## [Work to be completed]
An exact, picture-free copy of the listing is required.

## [Dataset excerpt]
/---
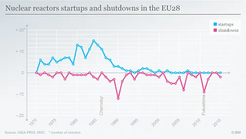 Dù giữ vai trò quan trọng trong việc cung cấp điện năng ở châu Âu nhưng điện hạt nhân vẫn phải đối mặt với nhiều khó khăn như nguồn tài chính để xử lý vấn đề lão hóa nhà máy, rủi ro về an ninh.Thảm họa Chernobyl vào ngày 26/4/1986 khiến quá trình phát triển của điện hạt nhân trên thế giới nói chung và châu Âu nói riêng phải chuyển hướng.Tai nạn này là nguyên nhân dẫn đến những cuộc tranh cãi về điện hạt nhân, và làm phá sản nhiều dự án xây dựng nhà máy điện hạt nhân khác.Tuy nhiên có một thực tế là ;nhiều quốc gia châu Âu vẫn còn kiên trì theo đuổi điện hạt nhân và ;các lò phản ứng trên khắp châu Âu đang trong quá trình lão hóa.Dẫu sao người ta không thể phủ nhận rằng, một phần ba điện năng tiêu thụ trên toàn châu Âu là ;từ các nhà máy điện hạt nhân như một báo cáo gần đây của Cơ quan Năng lượng nguyên tử quốc tế (IAEA).Áp lực tài chính.Theo báo cáo về tình hình sản xuất điện hạt nhân thế giới, trong năm 2015 chỉ còn 128 lò phản ứng vẫn còn hoạt động ở châu Âu, khoảng một nửa trong số đó (58 lò phản ứng) thuộc về Pháp.Hiện hai nhà máy điện hạt nhân đang được xây dựng do công ty điện lực Areva (Pháp) đảm trách ở Pháp và Phần Lan – lần lượt khởi công vào năm 2005 và 2007 – sẽ không hoàn thành trước năm 2018, thời gian mà chúng có thể lập tức đưa vào vận hành.Theo ước đoán ở thời điểm hiện tại, kinh phí xây dựng các nhà máy này đang bị đội giá gấp ba lần so với dự toán, tức là vào khoảng 9 tỷ eueo (tương đương 10 tỷ đô la) mỗi nhà máy.Dự án nhà máy điện hạt nhân Hinkley Point C ở Anh cũng đang phải đối mặt với vấn đề như gia tăng kinh phí xây dựng, khó khăn về tài chính đầu tư và trì hoãn kế hoạch xây dựng.Tương tự, nhà máy điện hạt nhân Flamanville, Pháp, cũng sẽ khó có thể hoàn tất trước năm 2018.Công ty điện lực Pháp EDF trong vòng 8 năm qua chưa bán thêm được bất kỳ nhà máy điện hạt nhân nào, vì vậy nếu không giành được hợp đồng xây dựng nhà máy Areva thì EDF ắt hẳn sẽ phải đối mặt với khả năng phá sản.Khi tính toán chi phí cho việc ngừng vận hành nhà máy điện hạt nhân và quản lý vấn đề chất thải phóng xạ từ các nhà máy này vào năm 2050, Ủy ban châu Âu EC đưa ra con số 268 tỷ euro.Một nghiên cứu từ European Parliament Greens đã tiết lộ, thậm chí con số này có thể lên tới 485 tỷ euro.Theo EU, các công ty điện lực chỉ tài trợ 150 tỷ euro trong tổng số chi phí này.Xây dựng nhà máy điện hạt nhân mới.Lược đồ hiển thị tình hình các lò phản ứng hạt nhân mới xây dựng (đường màu xanh) và ngừng vận hành (đường màu đỏ) ở châu Âu.Ba quốc gia thành viên châu Âu – Phần Lan, Pháp và Slovakia – hiện đang tiến hành xây dựng những nhà máy điện hạt nhân mới.Nhưng tất cả các dự án này đều đang cùng chung hoàn cảnh là phải chịu việc đội giá xây dựng và trì hoãn lịch xây dựng – dù cho việc xây dựng các lò phản ứng ở Slovakia đã bắt đầu từ năm 1986.Đến năm 2030, số lượng các nhà máy điện hạt nhân sẽ được tăng lên ở Bulgaria, Czech, Phần Lan, Pháp, Hungary, Lithuania, Ba Lan và Anh – theo tính toán của tổ chức Năng lượng nguyên tử thế giới (World Nuclear Association) dựa trên số nhà máy điện hạt nhân được cấp phép và đề xuất.Nhưng để vận hành các lò phản ứng cũ được an toàn, cơ sở hạ tầng của các lò phản ứng này cần ;được nâng cấp, Frank Peter, đại diện Prognos ở Berlin, một công ty tư vấn kinh tế có trụ sở đặt tại Thụy Sỹ, cho biết.Những lò phản ứng đang có tại châu Âu đều có tuổi thọ 30 năm, và vòng đời của chúng vào khoảng 30 đến 35 năm.Peter tin tưởng rằng, việc nâng cấp các lò phản ứng già lão không khả thi về mặt tài chính."Để mỗi nhà máy điện hạt nhân cũ làm ra điện năng trong điều kiện an toàn hạt nhân tương ứng theo công nghệ nhà máy, cần phải đầu tư khoảng 3 đến 4 tỷ euro cho việc nâng cấp," Peter cho DW biết.Cũng vì vấn đề áp lực tài chính, một lò phản ứng ở Thụy Sỹ và 4 lò phản ứng ở Thụy Điển sẽ phải ngừng vận hành vào năm 2020, sớm hơn dự kiến, chuyên gia về năng lượng nguyên tử Mycle Schneider giải thích.Tăng cường công suất điện hạt nhân.Lược đồ biểu thị mạng lưới các lò phản ứng được tăng cường công suất sản xuất điện năng.128 lò phản ứng hạt nhân đang được vận hành thuộc 14 trong số 28 quốc gia thành viên EU cung cấp hơn 1/4 lượng điện tiêu thụ ở toàn châu Âu, theo công bố của Tổ chức ;Năng lượng nguyên tử thế giới (WNA).Tổ chức này cho biết, các lò phản ứng khắp châu Âu đang không ngừng tăng cường hơn nữa công suất sản xuất điện năng của mình, trong đó có các lò ở Bỉ, Thụy Điển, Đức.Công suất điện hạt nhân của 5 lò phản ứng tại Thụy Sỹ đã được gia tăng thêm 13%; Tây Ban Nha đang lên kế hoạch tăng lên 13%; Phần Lan đã đưa khả năng này lên con số 29% kể từ những năm
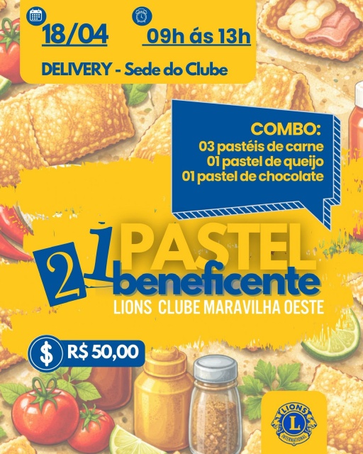 O Lions Clube Maravilha Oeste promove a 21ª edição do Pastel Beneficente. Tradicional, a ação tem como objetivo a arrecadação de recursos para a manutenção das campanhas e serviços desenvolvidos pelo clube.
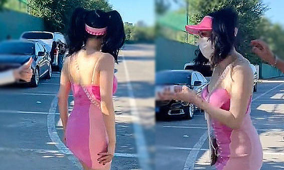 Trong video được đăng lên mạng xã hội, một phụ nữ mặc bộ đồ thể thao màu đen và trắng, tóc tết loay hoay đứng trên ván trượt với sự trợ giúp của diễn viên Chung Lệ Đề. Trong khi đó, Chung Lệ Đề mặc váy bó sát màu hồng, tất họa tiết hồng kết hợp sandal cao gót, để lộ dáng người tròn trịa.
\---
## [Your response]
 Dù giữ vai trò quan trọng trong việc cung cấp điện năng ở châu Âu nhưng điện hạt nhân vẫn phải đối mặt với nhiều khó khăn như nguồn tài chính để xử lý vấn đề lão hóa nhà máy, rủi ro về an ninh.Thảm họa Chernobyl vào ngày 26/4/1986 khiến quá trình phát triển của điện hạt nhân trên thế giới nói chung và châu Âu nói riêng phải chuyển hướng.Tai nạn này là nguyên nhân dẫn đến những cuộc tranh cãi về điện hạt nhân, và làm phá sản nhiều dự án xây dựng nhà máy điện hạt nhân khác.Tuy nhiên có một thực tế là ;nhiều quốc gia châu Âu vẫn còn kiên trì theo đuổi điện hạt nhân và ;các lò phản ứng trên khắp châu Âu đang trong quá trình lão hóa.Dẫu sao người ta không thể phủ nhận rằng, một phần ba điện năng tiêu thụ trên toàn châu Âu là ;từ các nhà máy điện hạt nhân như một báo cáo gần đây của Cơ quan Năng lượng nguyên tử quốc tế (IAEA).Áp lực tài chính.Theo báo cáo về tình hình sản xuất điện hạt nhân thế giới, trong năm 2015 chỉ còn 128 lò phản ứng vẫn còn hoạt động ở châu Âu, khoảng một nửa trong số đó (58 lò phản ứng) thuộc về Pháp.Hiện hai nhà máy điện hạt nhân đang được xây dựng do công ty điện lực Areva (Pháp) đảm trách ở Pháp và Phần Lan – lần lượt khởi công vào năm 2005 và 2007 – sẽ không hoàn thành trước năm 2018, thời gian mà chúng có thể lập tức đưa vào vận hành.Theo ước đoán ở thời điểm hiện tại, kinh phí xây dựng các nhà máy này đang bị đội giá gấp ba lần so với dự toán, tức là vào khoảng 9 tỷ eueo (tương đương 10 tỷ đô la) mỗi nhà máy.Dự án nhà máy điện hạt nhân Hinkley Point C ở Anh cũng đang phải đối mặt với vấn đề như gia tăng kinh phí xây dựng, khó khăn về tài chính đầu tư và trì hoãn kế hoạch xây dựng.Tương tự, nhà máy điện hạt nhân Flamanville, Pháp, cũng sẽ khó có thể hoàn tất trước năm 2018.Công ty điện lực Pháp EDF trong vòng 8 năm qua chưa bán thêm được bất kỳ nhà máy điện hạt nhân nào, vì vậy nếu không giành được hợp đồng xây dựng nhà máy Areva thì EDF ắt hẳn sẽ phải đối mặt với khả năng phá sản.Khi tính toán chi phí cho việc ngừng vận hành nhà máy điện hạt nhân và quản lý vấn đề chất thải phóng xạ từ các nhà máy này vào năm 2050, Ủy ban châu Âu EC đưa ra con số 268 tỷ euro.Một nghiên cứu từ European Parliament Greens đã tiết lộ, thậm chí con số này có thể lên tới 485 tỷ euro.Theo EU, các công ty điện lực chỉ tài trợ 150 tỷ euro trong tổng số chi phí này.Xây dựng nhà máy điện hạt nhân mới.Lược đồ hiển thị tình hình các lò phản ứng hạt nhân mới xây dựng (đường màu xanh) và ngừng vận hành (đường màu đỏ) ở châu Âu.Ba quốc gia thành viên châu Âu – Phần Lan, Pháp và Slovakia – hiện đang tiến hành xây dựng những nhà máy điện hạt nhân mới.Nhưng tất cả các dự án này đều đang cùng chung hoàn cảnh là phải chịu việc đội giá xây dựng và trì hoãn lịch xây dựng – dù cho việc xây dựng các lò phản ứng ở Slovakia đã bắt đầu từ năm 1986.Đến năm 2030, số lượng các nhà máy điện hạt nhân sẽ được tăng lên ở Bulgaria, Czech, Phần Lan, Pháp, Hungary, Lithuania, Ba Lan và Anh – theo tính toán của tổ chức Năng lượng nguyên tử thế giới (World Nuclear Association) dựa trên số nhà máy điện hạt nhân được cấp phép và đề xuất.Nhưng để vận hành các lò phản ứng cũ được an toàn, cơ sở hạ tầng của các lò phản ứng này cần ;được nâng cấp, Frank Peter, đại diện Prognos ở Berlin, một công ty tư vấn kinh tế có trụ sở đặt tại Thụy Sỹ, cho biết.Những lò phản ứng đang có tại châu Âu đều có tuổi thọ 30 năm, và vòng đời của chúng vào khoảng 30 đến 35 năm.Peter tin tưởng rằng, việc nâng cấp các lò phản ứng già lão không khả thi về mặt tài chính."Để mỗi nhà máy điện hạt nhân cũ làm ra điện năng trong điều kiện an toàn hạt nhân tương ứng theo công nghệ nhà máy, cần phải đầu tư khoảng 3 đến 4 tỷ euro cho việc nâng cấp," Peter cho DW biết.Cũng vì vấn đề áp lực tài chính, một lò phản ứng ở Thụy Sỹ và 4 lò phản ứng ở Thụy Điển sẽ phải ngừng vận hành vào năm 2020, sớm hơn dự kiến, chuyên gia về năng lượng nguyên tử Mycle Schneider giải thích.Tăng cường công suất điện hạt nhân.Lược đồ biểu thị mạng lưới các lò phản ứng được tăng cường công suất sản xuất điện năng.128 lò phản ứng hạt nhân đang được vận hành thuộc 14 trong số 28 quốc gia thành viên EU cung cấp hơn 1/4 lượng điện tiêu thụ ở toàn châu Âu, theo công bố của Tổ chức ;Năng lượng nguyên tử thế giới (WNA).Tổ chức này cho biết, các lò phản ứng khắp châu Âu đang không ngừng tăng cường hơn nữa công suất sản xuất điện năng của mình, trong đó có các lò ở Bỉ, Thụy Điển, Đức.Công suất điện hạt nhân của 5 lò phản ứng tại Thụy Sỹ đã được gia tăng thêm 13%; Tây Ban Nha đang lên kế hoạch tăng lên 13%; Phần Lan đã đưa khả năng này lên con số 29% kể từ những năm
 O Lions Clube Maravilha Oeste promove a 21ª edição do Pastel Beneficente. Tradicional, a ação tem como objetivo a arrecadação de recursos para a manutenção das campanhas e serviços desenvolvidos pelo clube.
 Trong video được đăng lên mạng xã hội, một phụ nữ mặc bộ đồ thể thao màu đen và trắng, tóc tết loay hoay đứng trên ván trượt với sự trợ giúp của diễn viên Chung Lệ Đề. Trong khi đó, Chung Lệ Đề mặc váy bó sát màu hồng, tất họa tiết hồng kết hợp sandal cao gót, để lộ dáng người tròn trịa.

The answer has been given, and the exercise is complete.